WHAT THE TASK ASKS => When you return the lines below, go from the first through the line with "あとこちらはブローバイガスチ", keep them exact, and leave out every picture.

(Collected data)
◇ ◇ ◇ ◇ ◇

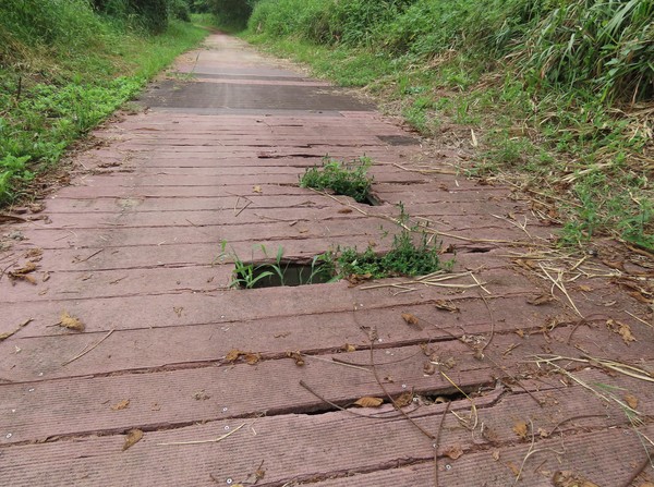 임곡교를 지나 용진교를 향해 걷다보니 여기저기 부서진 데크길이 위험하게 방치돼 있다. 안내판을 보니 광주시가 황룡강 생태하천 조성공사를 하면서 설치한 탐방 데크가 관리가 되지 않아 위험하게 방치된 것이었다. 낡아서 난간이 부서지고 발 아래로 구멍이 크게 나 있어서 자칫하면 안전사고로 이어질 수 있겠다. 사람의 출입을 막는 안내조차 없다. 철거나 보수 등 적절한 조치가 시급해 보인다.
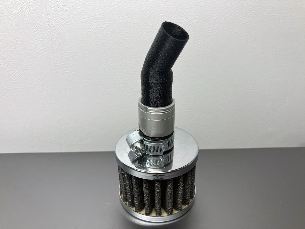 あとこちらはブローバイガスチャンバーに接続している2次エアフィルターのホース。エアフィルターの収まりが悪かったのでKTMのバックプレッシャーバルブ経とブローバイガスチャンバー側のニップルサイズに合わせて、TPU素材で30°エルボー形状でモデリングして作成。
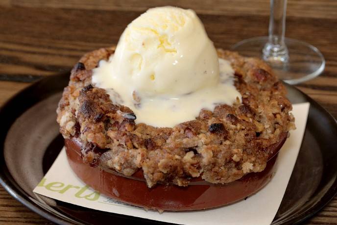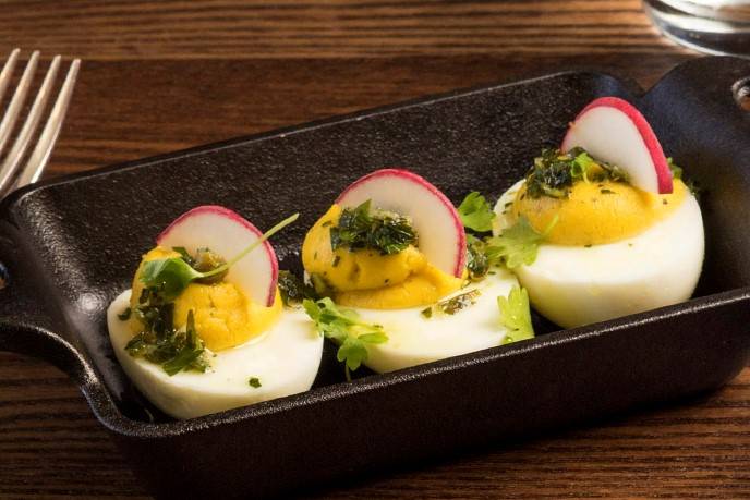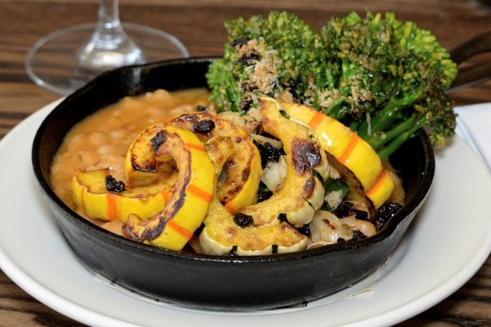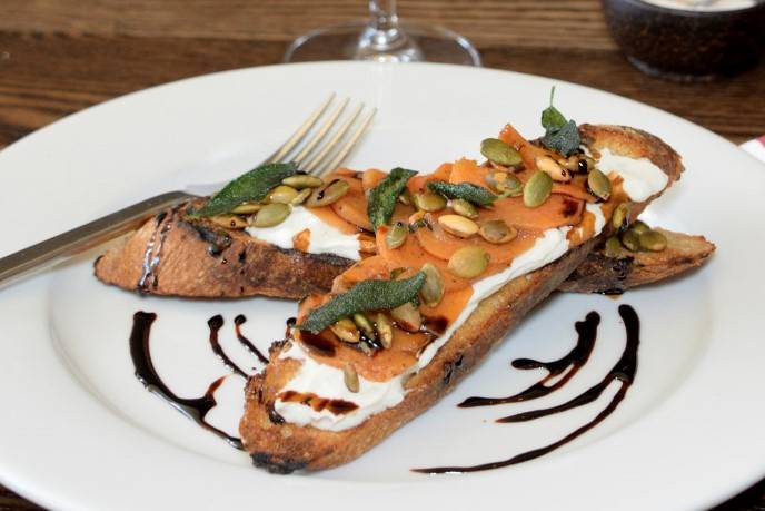 Guests can also order off of Myriad’s regular menu that features a multitude of choices in four categories. Sharing is encouraged, and is a wise option as you won’t want to miss a thing. From the Snacks portion, make sure to try her deviled eggs – a basic taken to gourmet levels, or her farm toast – a meal in itself with goat cheese mouse and roasted fuyu persimmons. Favorites from the Small Plates section include the ultra creamy, ultra delicious potted chicken-liver mousse, the ‘fall in a pan’ autumn gratin with roasted butternut squash and goat cheese, and the crispy fried chicken sammy that rivals the Bay Area exemplar from Oakland’s Bake Sale Betty. A particular Large Plate favorite is the pappardelle with pork cheeks, peas, kale and brown beech mushrooms.
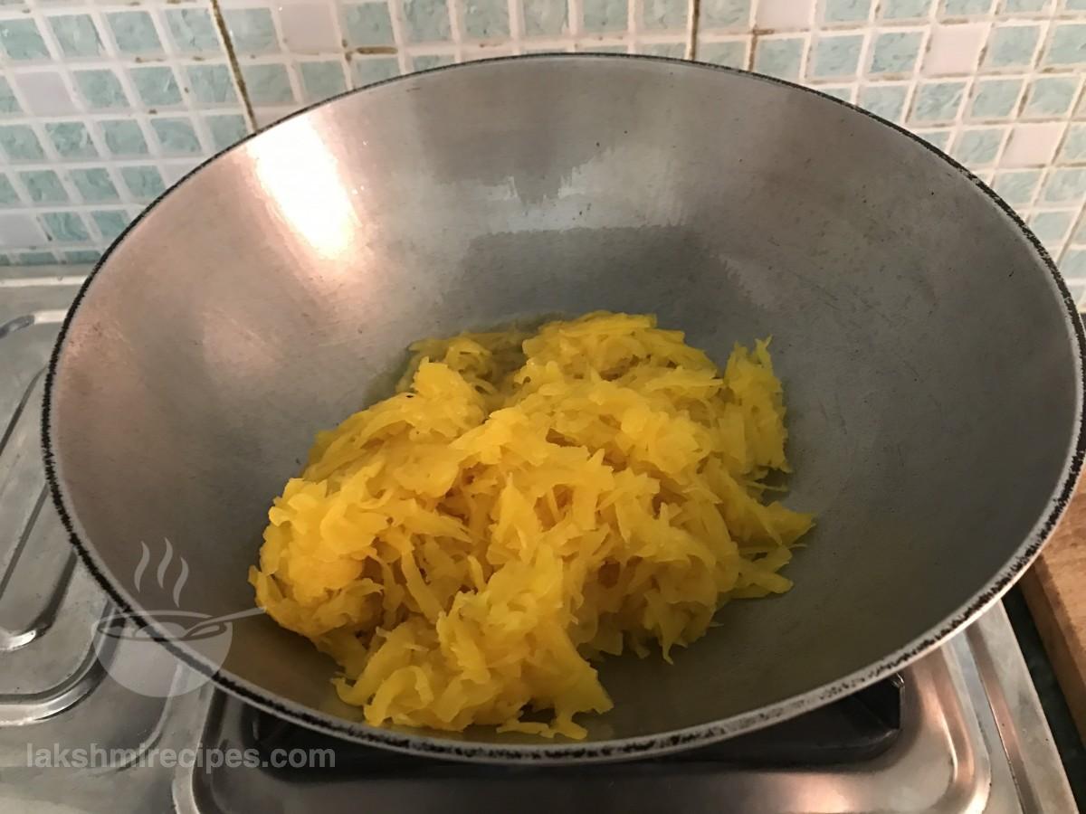 - एक बड़ा गहरे पतीले में थोड़ा पानी उबाल लें और फिर इसमें कद्दूकस किया हुआ कद्दू डालें। कद्दूकस किये हुए कद्दू को पानी में 3-4 मिनट के लिए उबाल लें।
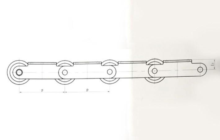 平板輸送機的鏈條,由帶K型附件的滾子套筒鏈和方管鋼組成,該鏈條在負(fù)載運行時,滾子和鏈條導(dǎo)軌之間是滾動兼滑動的摩擦運動形式。
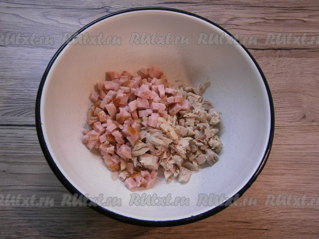 Отварное мясо курицы нарезать кусочками, добавить нарезанную мелкими кубиками ветчину.
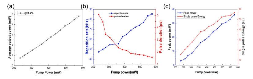 圖7. (a)平均輸出功率與泵浦功率之比。使用單層石墨烯的實(shí)驗(yàn)數(shù)據(jù)用黑色實(shí)心方塊表示。(b)脈沖寬度和脈沖重復(fù)率隨泵浦功率增加時的變化。(c)脈沖能量和脈沖峰值功率與泵浦功率的關(guān)系。
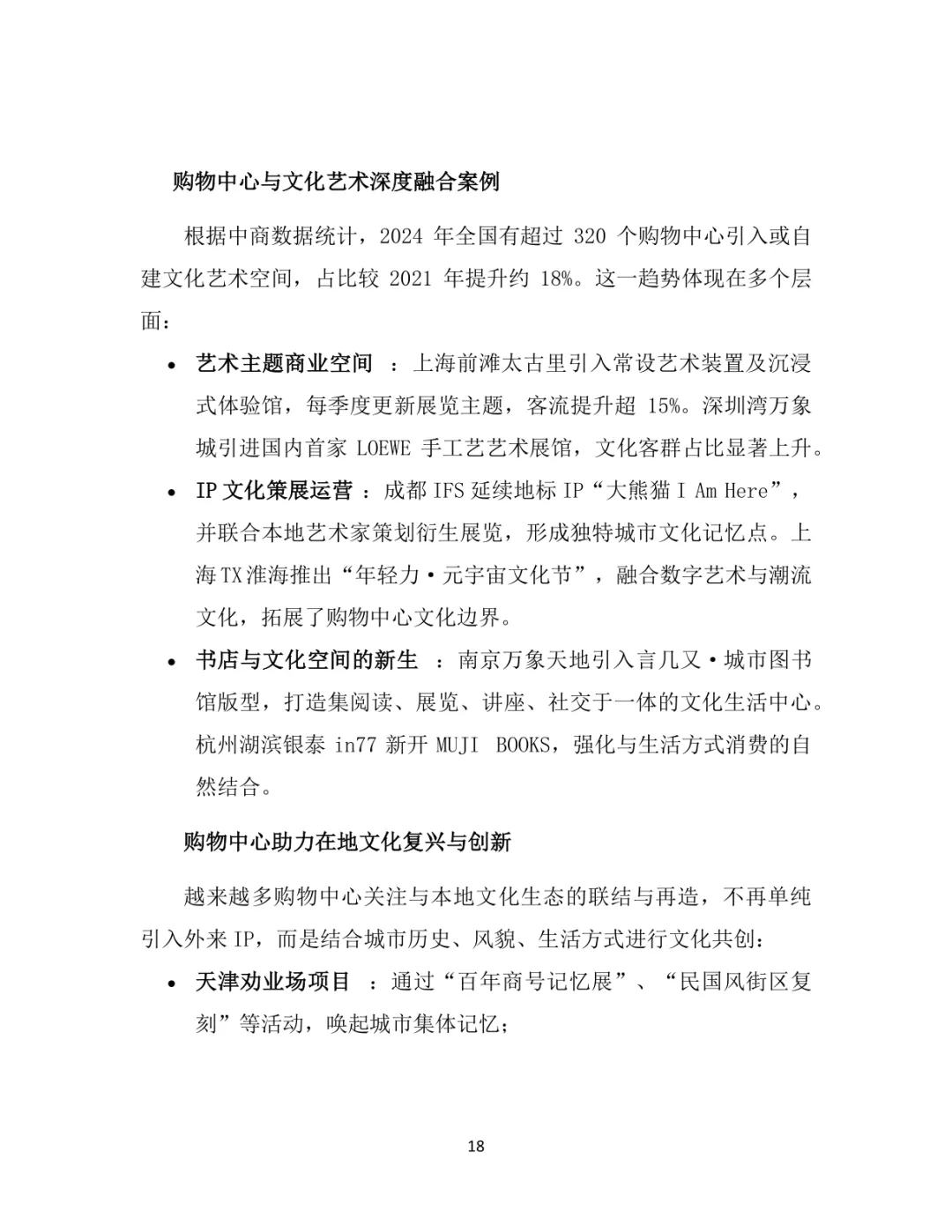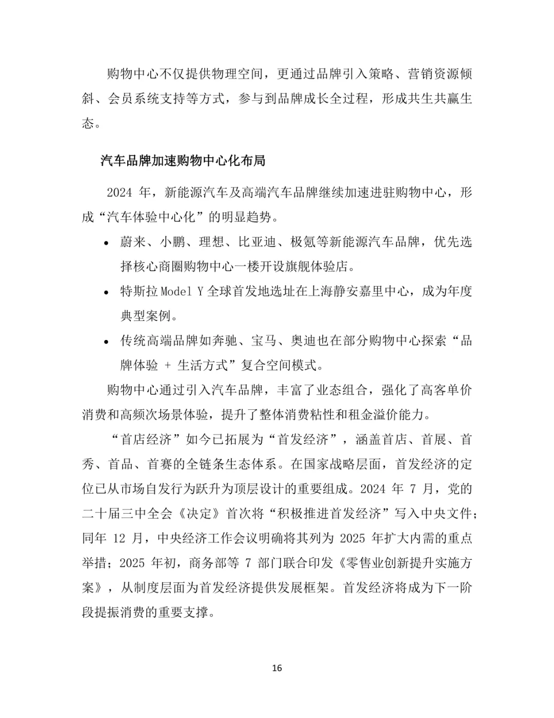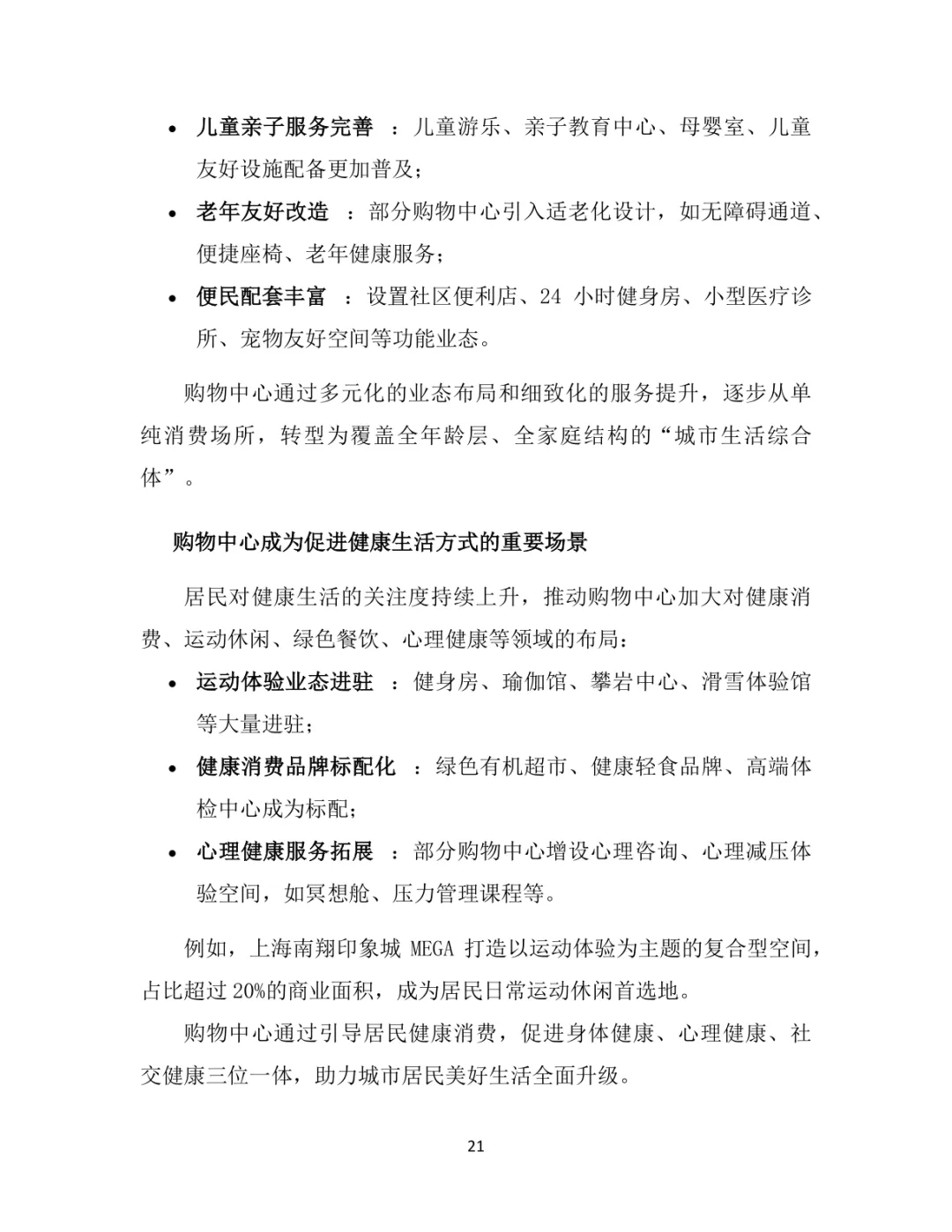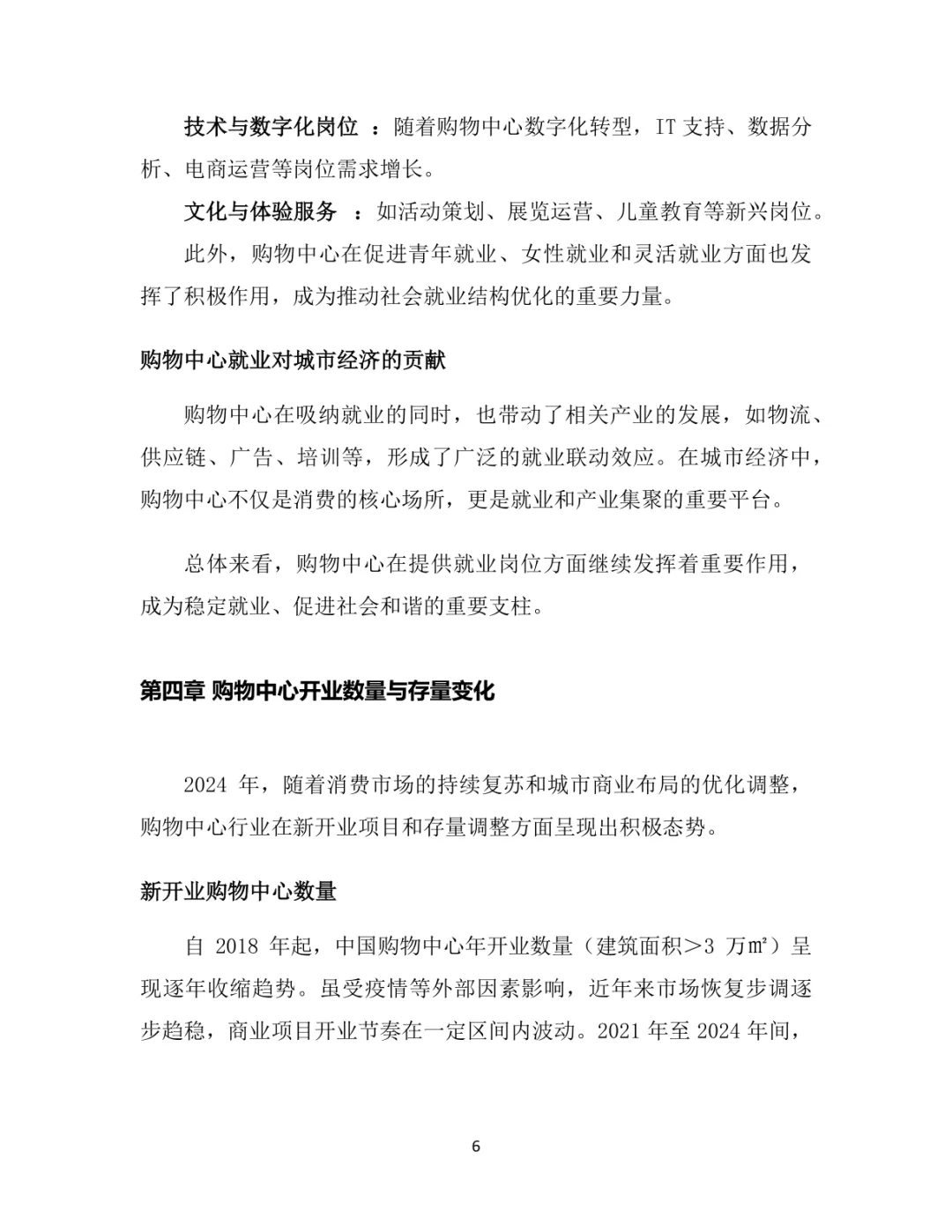 导读:报告聚焦中国购物中心的多元价值,基于全国 7000 余个 3 万平方米以上项目样本,系统呈现其对经济社会的综合贡献。2024 年,全国购物中心营业额达 4.2 万亿元,占社会消费品零售总额 8.6%,直接提供就业岗位 1180 万个,衍生岗位超 2000 万个,日均客流超 1.33 亿人次,成为稳定内需与就业的核心支柱。购物中心功能持续升级,从零售终端转型为 “第三生活空间”。超 320 个项目引入文化艺术空间,首店数量增长 12.7%,20% 存量项目通过绿色改造焕新,数字化与绿色低碳转型成效显著。在城市更新中,购物中心通过存量改造、片区赋能等模式,激活老旧城区活力,重塑城市空间价值。五大国际消费中心城市中,上海以 93.5 分位居贡献力指数榜首,深圳、北京紧随其后。报告提出应明确购物中心消费基础设施定位,优化土地、金融、税收政策,推动行业从规模扩张向质量提升转型,持续释放其在消费促进、文化传播、民生保障等领域的综合价值。

◇ ◇ ◇ ◇ ◇

ANSWER BOX =>
 임곡교를 지나 용진교를 향해 걷다보니 여기저기 부서진 데크길이 위험하게 방치돼 있다. 안내판을 보니 광주시가 황룡강 생태하천 조성공사를 하면서 설치한 탐방 데크가 관리가 되지 않아 위험하게 방치된 것이었다. 낡아서 난간이 부서지고 발 아래로 구멍이 크게 나 있어서 자칫하면 안전사고로 이어질 수 있겠다. 사람의 출입을 막는 안내조차 없다. 철거나 보수 등 적절한 조치가 시급해 보인다.
 あとこちらはブローバイガスチャンバーに接続している2次エアフィルターのホース。エアフィルターの収まりが悪かったのでKTMのバックプレッシャーバルブ経とブローバイガスチャンバー側のニップルサイズに合わせて、TPU素材で30°エルボー形状でモデリングして作成。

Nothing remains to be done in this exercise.